Но пришла в тундру Советская власть — и присмирел ямальский князь, даже спирт глушить бросил, и поднимать хорей на пастухов уже не решался. А в переломный год — год коллективизации тундры, — когда колхозы ‘из олешков одно стадо делали’, бежал Василий Тайшин сначала в глухие дебри Большого Ямала, а оттуда, по слухам, перебрался за границу, в Норвегию. С Василием Тайшиным бежали многие его друзья, мелкие князьки, тетто, кулаки, и тадибеи, обманщики-шаманы. А может быть, и не бежали. Может, затаились где-нибудь в тундре.
А теперь по бескрайним разметам былых тайшинских угодий совхозные стада каслали [кочевали, паслись] все лето, чтобы вместе с первыми осенними буранами вернуться в коррали совхоза, приведя с собой тысячный приплод.
И удивлялась тундра!
Давно ли, когда принадлежали эти стада Ваське Тайшину, вечно болели олешки: чесотка дырявила их шкуры, как бочки, распухали их ноги от страшной попытки и, самое страшное для оленевода, черная язва падала на стада. Понурыми становились олешки, взъерошенная шерсть теряла блеск, и спускались из ноздрей кроваво-гнойные шнурки.
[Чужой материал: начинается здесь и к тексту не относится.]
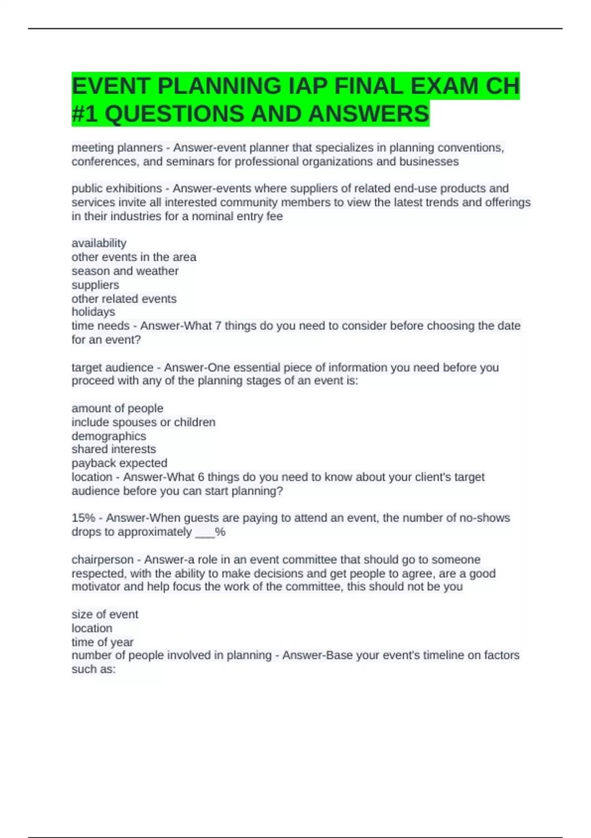 EVENT PLANNING IAP FINAL EXAM CH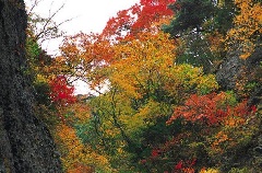烏帽子岳山麓の長さ約4kmにわたる大渓谷で、長野県下有数の景勝地。「鬼の門」、…
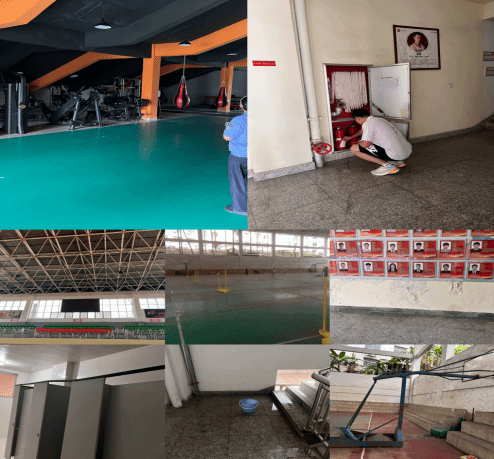 一是对室外篮球场进行了全面的排查,经排查发现:大门破损,存在安全隐患,需加固维修。二是对风雨球馆、足球场、网球场排查,未发现安全隐患。三是对体育馆所有场馆进行排查,经排查发现:所有配备的灭火器已过期,须更换灭火器;安全指示灯有部分损坏,须更换;一楼和二楼楼道墙面脱落,须修补粉刷;一楼男厕所隔门脱离松动,存在安全隐患,需加固维修。四是对体育馆楼顶进行排查,有漏水情况,需维修。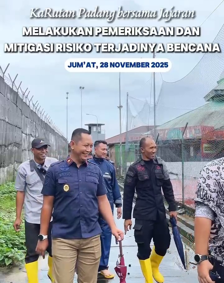 Padang | Kepala Rutan Kelas IIB Padang Mai Yudiansyah kembali menunjukkan komitmennya menjaga keamanan dan keselamatan seluruh warga binaan serta jajaran petugas melalui kegiatan pemeriksaan dan mitigasi risiko bencana yang digelar pada Jumat 28 November 2025.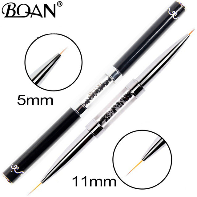 BQAN Black Double Head Crystal Handle 5mm&7mm&11mm&13mm&15mm Drawing Brush Liner Brush Painting Pen Gel Polish Crystal Nail Art Manicure Tools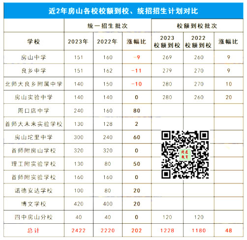 ②2023房山统招批次有13所学校招生2422人,较去年扩招202人,其中6所高中扩招;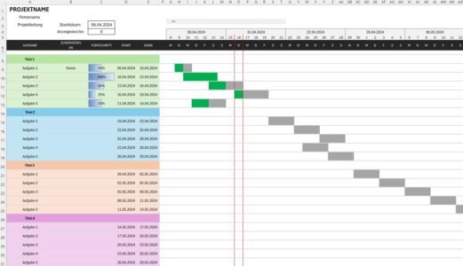 Erstellen Sie mühelos Gantt-Diagramme mit Microsoft Excel oder Project – nutzen Sie unsere praktische Excel Gantt Diagramm Vorlage für effizientes Projektmanagement und Budgetkontrolle.

А чем лечил Васька больных олешков?
Вытряхивали из меховых мешков деревянных божков, маленьких, тощих, злых, мазали их оленьей кровью, украшали цветными лоскутками, водкой ублажали. Не помогало это — тогда звал Васька тадибеев. Шаманы били заячьей лапкой в шаманские бубны, пензеры, вопили заклинания, камлали. Но и после камланий устилались тундры от Салехарда до Архангельска трупами павших оленей. А теперь, когда стали стада совхозными, когда попали олешки в руки Веры Вануйта, лоснится их шерсть, как шелковая, жиром заплыло мясо, а копыта их крепки, как камень. Вот почему ненцы всех тундр называли Веру доверчиво и почтительно ‘арка лекарь тыу мандал’, что значит — большой лекарь оленьих стад. Вот почему и директор Ядко Хатанзеев крепко верил совхозному ветврачу Вануйта, а не потому, что не мог без волнения смотреть на смуглое, чуть скуластое лицо Веры и на щеточки черных ее ресниц, таких черных, словно она нарочно закоптила их у костра. Щекочут эти ресницы сердце Ядко.
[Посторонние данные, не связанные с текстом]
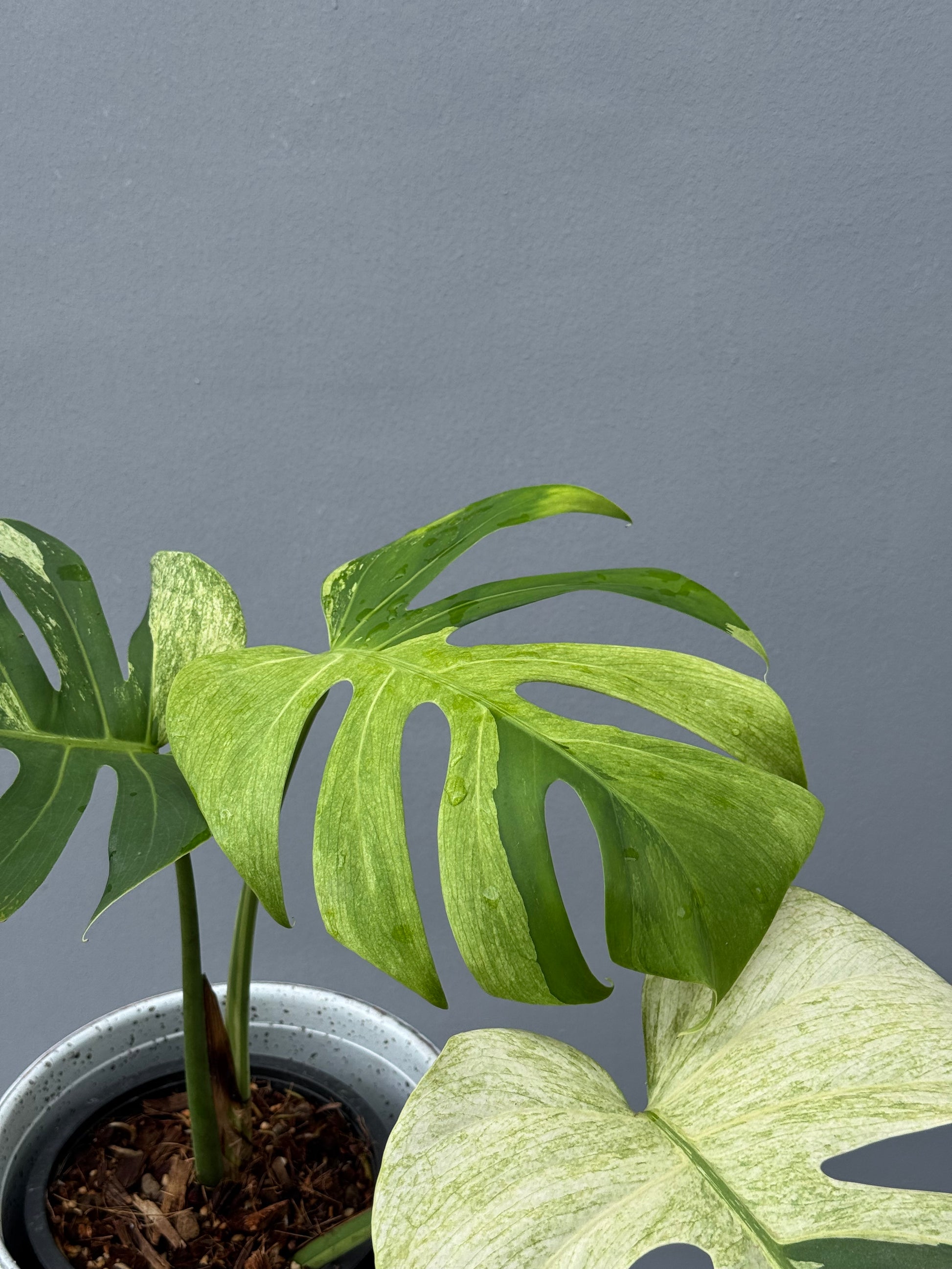 The Monstera Jungle Mint is a rare and prized variety, known for its elegantly split mint green leaves and slender growth habit.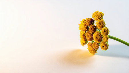 helenium stem tilted on white with warm soft key ample copy area minimal composition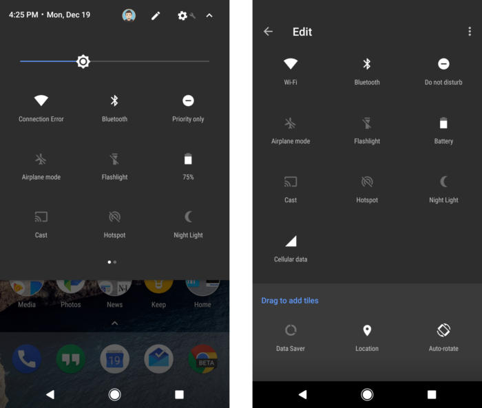 Значки «Быстрых настроек» в «Нуге» полностью настраиваемы. Дважды проведите пальцем вниз от верхней части экрана и тапните команду редактирования – либо слово «Редактировать» в правом нижнем углу экрана, либо значок карандаша в правом верхнем углу. Вы сможете переставлять иконки и добавлять или удалять функции из списка.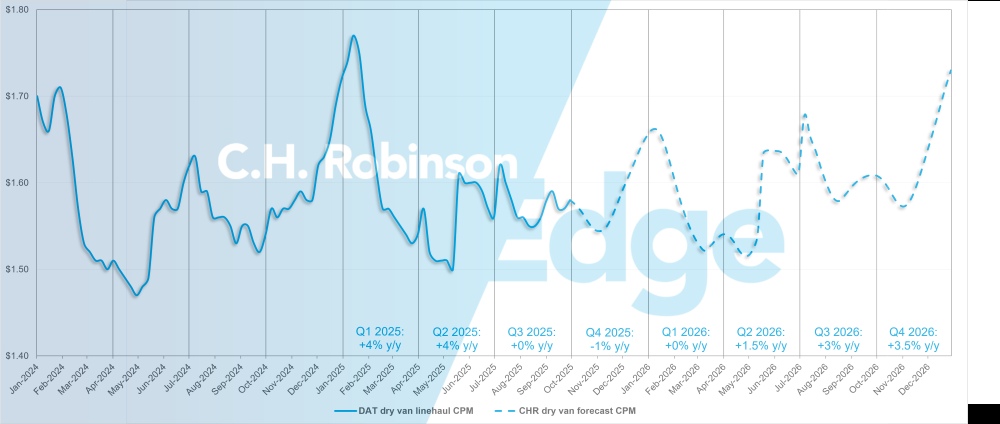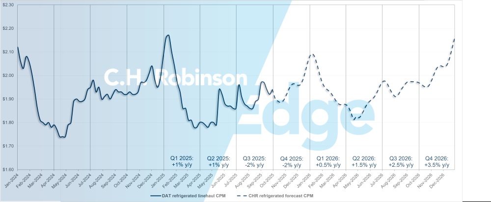 The C.H. Robinson 2025 refrigerated van cost per mile forecast remains at -1% y/y, while the 2026 forecast remains at +2% y/y.

Но однажды Ядко Хатанзеев остановился у доски, прочитал надпись и не улыбнулся.
Путанными тропинками тундры, в обход карантинного двора, пробралась в стада повалка, болезнь, которую ненцы-пастухи называли черной язвой. Вера, поручив карантинный двор и ветамбулаторию фельдшеру, тотчас выехала в тундру, в зараженные стада. Через пять дней она прислала оттуда письмо директору совхоза:
‘Как я и ожидала, ненецкая черная язва оказалась сибиро-язвенным карбункулом. Высылай немедленно прививочный материал, а также карболку и креолин для дезинфекции. Передай фельдшеру, чтобы он срочно организовал изоляторы и взял на учет скотомогильники. Не волнуйся, Ядко, заболевания единичные. Ручаюсь, мы победим язву…’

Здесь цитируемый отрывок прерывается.